* Exercise: In the data below, find the line with "為了積極推動(dòng)廣大" and output it along with every later line, exactly, but not the pictures.

* Exercise materials:
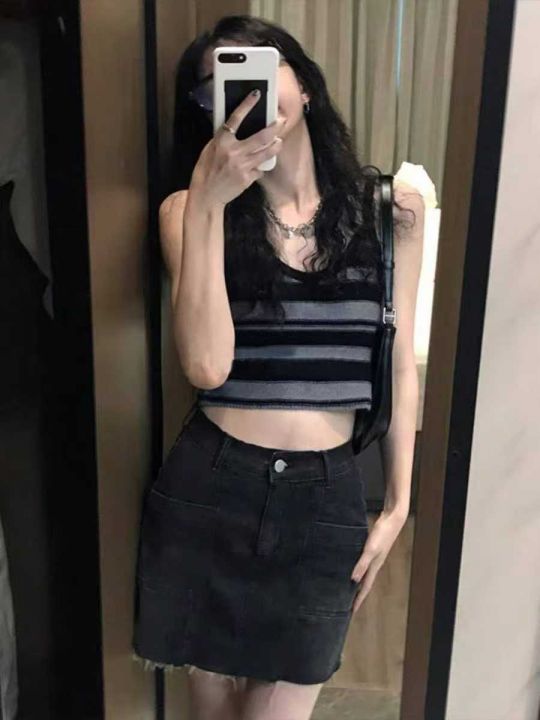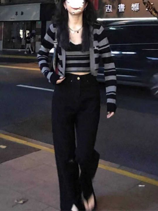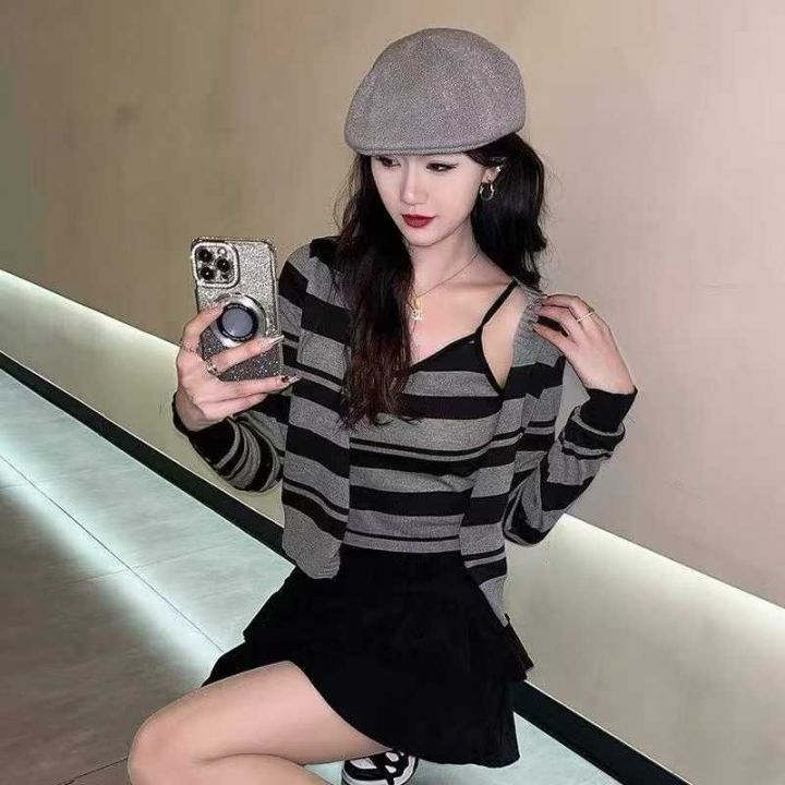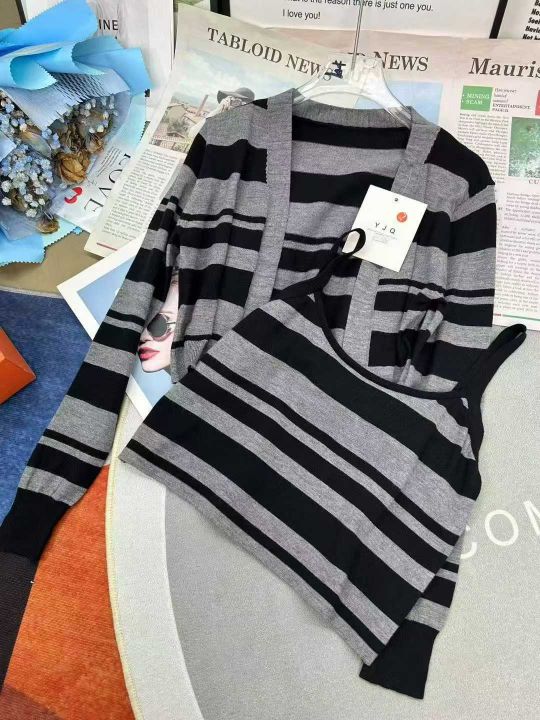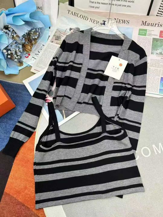 盐系条纹复古炸街辣妹套装开衫外套+背心吊带两件套,...
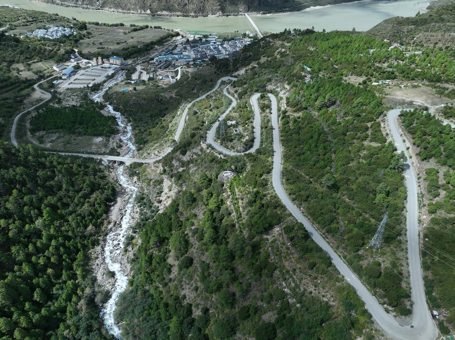 這是2022年9月30日拍攝的派墨公路派鎮(zhèn)起點路段(無人機照片)。新華社發(fā)(董志雄 攝)
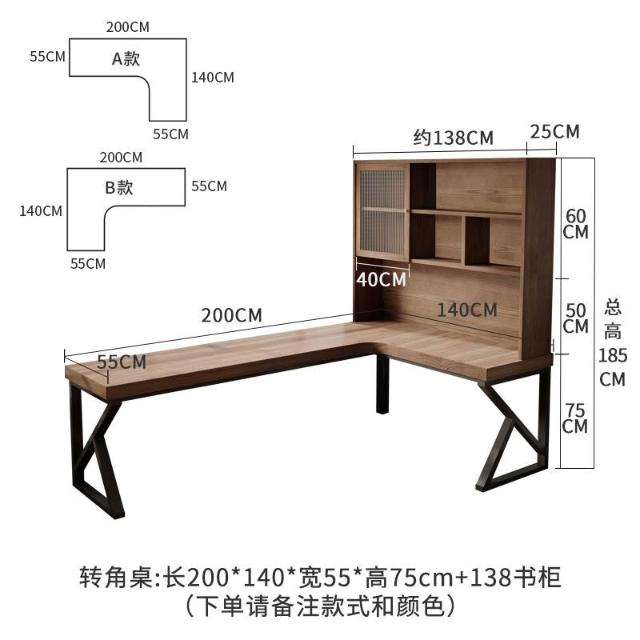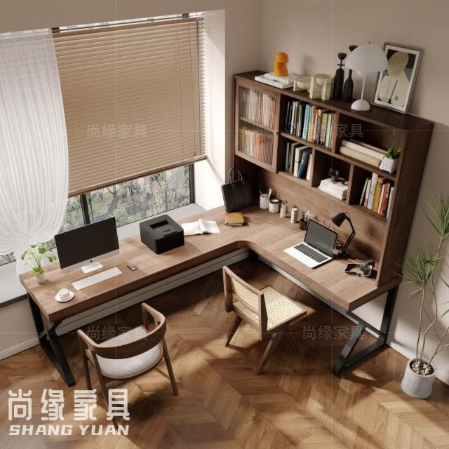 實木轉角書桌書櫃家用拐角雙人辦公桌書房靠墻l型電腦桌書架一體
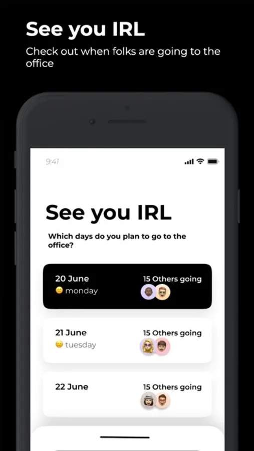 See You IRL : Share which days you plan to get into the office during the following week. See when other folks are coming in.
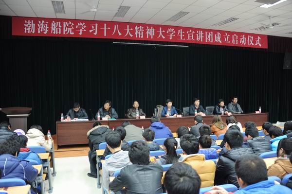 為了積極推動(dòng)廣大團(tuán)員青年認(rèn)真學(xué)習(xí)、深刻領(lǐng)會(huì)和堅(jiān)決貫徹黨的十八大精神, 12月12日下午,學(xué)院在綜合樓報(bào)告廳舉行了學(xué)習(xí)十八大精神大學(xué)生宣講團(tuán)成立成立儀式。學(xué)院黨委書(shū)記芮柏苓、副書(shū)記費(fèi)厚第、副院長(zhǎng)鄭海濤、組織部長(zhǎng)高俊東、宣傳部長(zhǎng)劉鵬翔、學(xué)生處長(zhǎng)高云崇、各分團(tuán)委書(shū)記以及223名學(xué)生宣講員出席了啟動(dòng)儀式。啟動(dòng)儀式由團(tuán)委書(shū)記張雷主持。
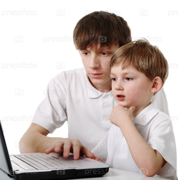 Два брата сидят за ноутбуком
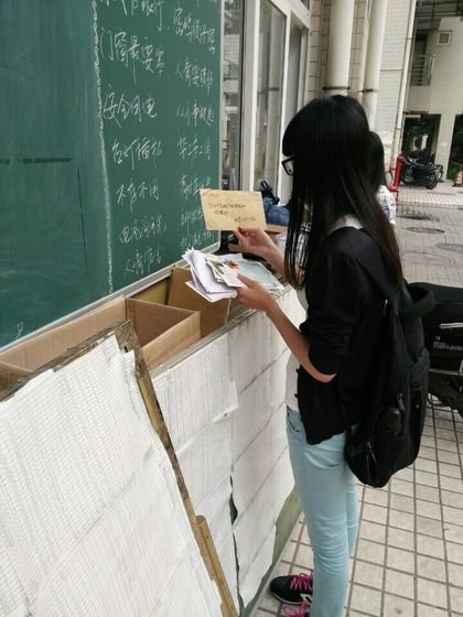 活动中,大家才发现我们学校有许多自行车,但有些放在马路边又许久不用,妨碍同学们的行走,因此,我们将一些自行车放到车棚,将一些零散摆放的自行车整齐地放在一起,给同学们腾出宽阔的行走之路。整理明信片时发现每周有许多来自全国各地的明信片,而许多同学不清楚在宿管那里有他们的明信片,我们特整理出每一层楼的明信片并送到他们手中。

* The completed task:
 為了積極推動(dòng)廣大團(tuán)員青年認(rèn)真學(xué)習(xí)、深刻領(lǐng)會(huì)和堅(jiān)決貫徹黨的十八大精神, 12月12日下午,學(xué)院在綜合樓報(bào)告廳舉行了學(xué)習(xí)十八大精神大學(xué)生宣講團(tuán)成立成立儀式。學(xué)院黨委書(shū)記芮柏苓、副書(shū)記費(fèi)厚第、副院長(zhǎng)鄭海濤、組織部長(zhǎng)高俊東、宣傳部長(zhǎng)劉鵬翔、學(xué)生處長(zhǎng)高云崇、各分團(tuán)委書(shū)記以及223名學(xué)生宣講員出席了啟動(dòng)儀式。啟動(dòng)儀式由團(tuán)委書(shū)記張雷主持。
 Два брата сидят за ноутбуком
 活动中,大家才发现我们学校有许多自行车,但有些放在马路边又许久不用,妨碍同学们的行走,因此,我们将一些自行车放到车棚,将一些零散摆放的自行车整齐地放在一起,给同学们腾出宽阔的行走之路。整理明信片时发现每周有许多来自全国各地的明信片,而许多同学不清楚在宿管那里有他们的明信片,我们特整理出每一层楼的明信片并送到他们手中。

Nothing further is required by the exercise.